По пути я заметил небольшую толпу на углу одной из улиц – жестикулирующую, смеющуюся толпу, которая слушала уличного артиста, – пухленького парня, у которого все стихи Италии висели на кончике языка и который мог составить поэму на любой предмет или акростих на любое имя с потрясающей ловкостью. Я остановил экипаж, чтобы послушать его исполненные экспромтом стихи, многие из них были и впрямь очаровательны, и подал ему три франка. Он подбросил их в воздух один за другим и поймал ртом, как будто проглатывая на лету, а затем с неповторимой гримасой он перевернул свою рваную кепку и сказал: «Я все еще голоден, ваше сиятельство!», чем вызвал новый взрыв хохота у своей аудитории. Это был бессовестный весельчак, и его отличное настроение заслуживало еще нескольких серебреников, которые я ему дал, что побудило его пожелать мне «отличного аппетита и улыбки Мадонны!» Вообразите себе какого-нибудь лорда Лауреата премии Англии стоящим на перекрестке Риджн Стрит и глотающего полпенса за свои рифмы! Тем не менее, такие гордецы, чьи имена непонятным образом прославлены в Великобритании, если бы встретились с подобным уличным импровизатором, могли бы почерпнуть немало материалов для своих «великих поэм». Далее я встретил группу добытчиков кораллов в красных шапках, окруживших переносную печь, на которой жарились каштаны, потрескавшиеся по глянцевым бокам и изумительно ароматные. Мужчины весело напевали знакомую мне песню под аккомпанемент старой гитары. Подождите, где же я уже слышал ее?
«Sciore limone
Le voglio far mori de passione
Zompa llari llira!»
Ха! Теперь я вспомнил. Когда я выкарабкивался из склепа через бандитский лаз; когда мое сердце предвкушало сказочное счастье, коему не суждено было настать; когда я еще верил в любовь и дружбу; когда я видел сияющее на морской глади солнце и подумал – бедный дурак! – что эти длинные лучи были похожи на миллионы золотых радостных флагов, поднятых вверх в честь моего счастливого освобождения от смерти и возвращения к свободе, – именно тогда я и услышал голос моряка в отдалении, напевавший эту песню, и я наивно вообразил, что ее страстные строки говорили именно обо мне! Ненавистная музыка – самая горькая сладость! Вспомнив то время, я захотел закрыть руками уши, чтобы не слышать ее звука. Поскольку тогда у меня еще было сердце, бьющееся, страстное, чувственное и живое для проявления нежности или сочувствия, а сейчас оно было мертвым и холодным, как камень. Лишь его труп ходил повсюду со мной, утягивая за собою вниз, в ту одинокую могилу, где оно лежало и где также остались похороненными многие дорогие заблуждения, такие, как горькие сожаления, молящие воспоминания, и, конечно, неудивительно, что их маленькие призраки поднимались и преследовали меня, говоря: «Не будешь ли ты оплакивать эту потерянную сладость? Не отступишь ли перед такими воспоминаниями? Разве не желаешь ты вернуть былое счастье?». Однако пред всеми подобными приходящими искушениями моя душа оставалась глухой и неумолимой. Справедливость, суровое и неотступное правосудие было тем единственным, чего я искал и хотел добиться.

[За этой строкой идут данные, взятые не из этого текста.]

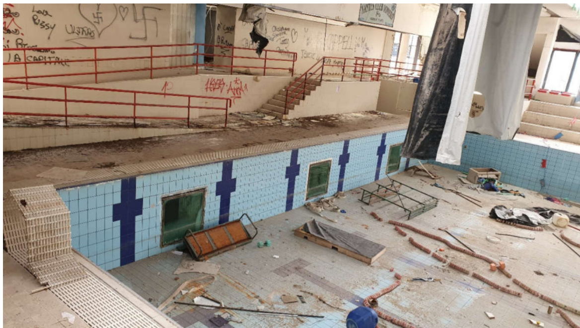
Piscina – vasca adulti

Возможно, вам трудно представить, как можно вынашивать столь длительный план возмездия? Если вы, читающий эти строки, англичанин, то я знаю, что это покажется вам непостижимым. Холодная кровь северянина вместе с его открытым бесхитростным характером, признаюсь, имеет свои преимущества перед нами в вопросах личных обид. Англичанин, как я слышал, просто не способен к длительному взращиванию смертельного негодования внутри себя даже по отношению к неверной жене, ведь он слишком равнодушен, он считает это ниже его достоинства. Однако мы, неаполитанцы, мы способны пронести «вендетту» через целую жизнь и даже передать ее по наследству будущим поколениям! Это не хорошо, скажете вы, так аморально и не по-христиански. Несомненно! Мы в душе наполовину язычники, мы – таковы, какими нас делает наша страна и наши традиции. Понадобится второе пришествие Христа, чтобы научить нас прощать тех, кто бессовестно нас использовал. Доктрина милосердия представляется нам красивой легендой, принципом для слабаков, пригодным только для детей и священников. Кроме того, простил ли сам Иисус иудеев? Евангелие об этом умалчивает!

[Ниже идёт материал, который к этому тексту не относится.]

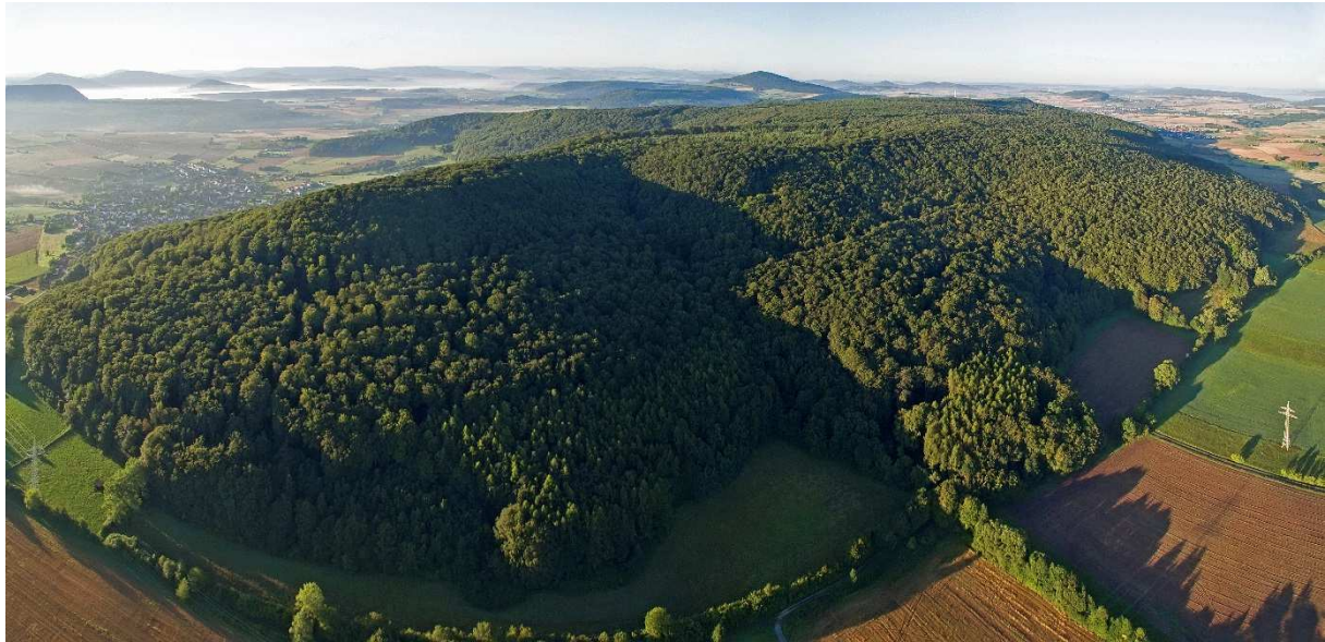
Foto: Naturwaldentwicklungsgebiet Landecker Berg (600 ha)

von 3,1% eigentlich ist und dass die Sorgen der Sägeindustrie unbegründet sind. Erkennen kann man aber einige schöne große Gebiete, wie den Nationalpark Kellerwald, das Naturschutzgebiet Kühkopf-Knoblochsaue, den Wispertaunus und den Landecker Berg, zwei davon wurden in der letzten Kernflächen-Tranche ausgewählt.

Придя в отель, я почувствовал себя измученным и уставшим. Я решил предаться отдыху и никого не принимать в тот день. Пока я отдавал Винченцо соответствующие распоряжения, одна мысль пришла мне в голову. Я зашел в кабинет и отпер секретер. Внутри лежал прочный кожаный кейс. Я вынул его и попросил Винченцо открыть. Он так и сделал, не выказав ни капли удивления, когда пара богато украшенных резьбой пистолетов предстала его взору.

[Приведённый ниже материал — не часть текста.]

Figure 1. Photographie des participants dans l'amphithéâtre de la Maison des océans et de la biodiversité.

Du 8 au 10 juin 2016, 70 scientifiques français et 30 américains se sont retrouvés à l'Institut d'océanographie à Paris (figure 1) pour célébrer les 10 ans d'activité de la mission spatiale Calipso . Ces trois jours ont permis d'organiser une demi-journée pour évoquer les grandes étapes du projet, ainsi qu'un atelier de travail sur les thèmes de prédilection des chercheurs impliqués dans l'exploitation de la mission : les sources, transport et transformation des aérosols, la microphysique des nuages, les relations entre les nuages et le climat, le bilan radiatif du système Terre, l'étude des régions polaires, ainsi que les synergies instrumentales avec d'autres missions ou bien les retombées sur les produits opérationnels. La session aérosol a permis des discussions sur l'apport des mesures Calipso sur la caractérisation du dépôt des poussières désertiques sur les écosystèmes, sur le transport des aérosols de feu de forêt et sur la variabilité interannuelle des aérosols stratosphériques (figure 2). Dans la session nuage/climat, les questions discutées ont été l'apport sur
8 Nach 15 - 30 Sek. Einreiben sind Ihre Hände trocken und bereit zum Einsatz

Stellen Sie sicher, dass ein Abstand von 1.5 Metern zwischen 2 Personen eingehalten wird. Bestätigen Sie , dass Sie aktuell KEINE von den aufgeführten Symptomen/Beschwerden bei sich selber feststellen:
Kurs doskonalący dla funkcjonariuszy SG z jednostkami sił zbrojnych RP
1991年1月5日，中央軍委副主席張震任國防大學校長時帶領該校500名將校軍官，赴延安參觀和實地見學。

«Хороши?» – спросил я в своей обычной манере.
Мой слуга взял их в руки и критически осмотрел по очереди.
«Они нуждаются в чистке, ваше превосходительство».
«Верно! – ответил я кратко. – Так почистите их и приведите в должный порядок. Они могут мне потребоваться вскоре».
Невозмутимый Винченцо поклонился и, забирая пистолеты, хотел уже покинуть комнату.
«Постойте!»
Он повернулся. Я пристально на него смотрел.
«Я верю, что вы честный человек, Винченцо», – сказал я.
Он встретил мой взгляд с добродушием.
«Однажды может настать тот день, – продолжал я спокойно, – когда мне, возможно, придется подвергнуть испытанию вашу верность».
Темные глаза тосканца, внимательные и чистые секундой ранее, вспыхнули и затем повлажнели.
«Ваше сиятельство, вам нужно лишь отдать приказ! И я буду самым преданным слугой – я знаю, что значит долг. Однако есть и более важная вещь – благодарность. Я ваш покорный слуга, поскольку вы завоевали мое сердце. Я отдам за вас свою жизнь, если потребуется!»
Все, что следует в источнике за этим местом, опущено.